Of all the lines below, output only those starting at the one with "A large crowd" and ending at the one with "Men should call", both ends included, exactly as written.

> _Input_
******************************
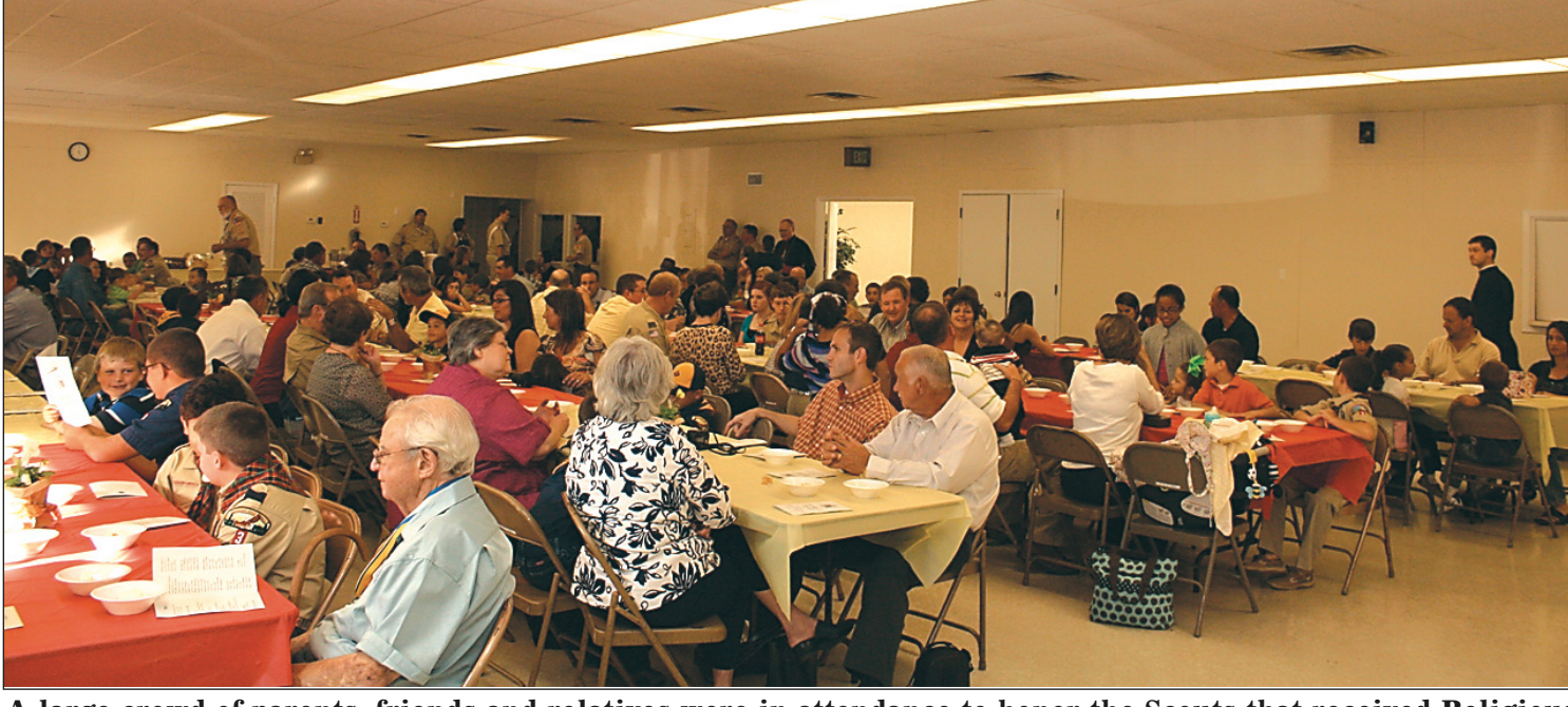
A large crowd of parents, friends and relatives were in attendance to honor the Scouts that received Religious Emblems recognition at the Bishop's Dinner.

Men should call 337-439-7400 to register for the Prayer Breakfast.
******************************
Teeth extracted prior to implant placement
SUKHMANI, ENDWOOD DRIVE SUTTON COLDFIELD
******************************
> _Exercise answer_
A large crowd of parents, friends and relatives were in attendance to honor the Scouts that received Religious Emblems recognition at the Bishop's Dinner.

Men should call 337-439-7400 to register for the Prayer Breakfast.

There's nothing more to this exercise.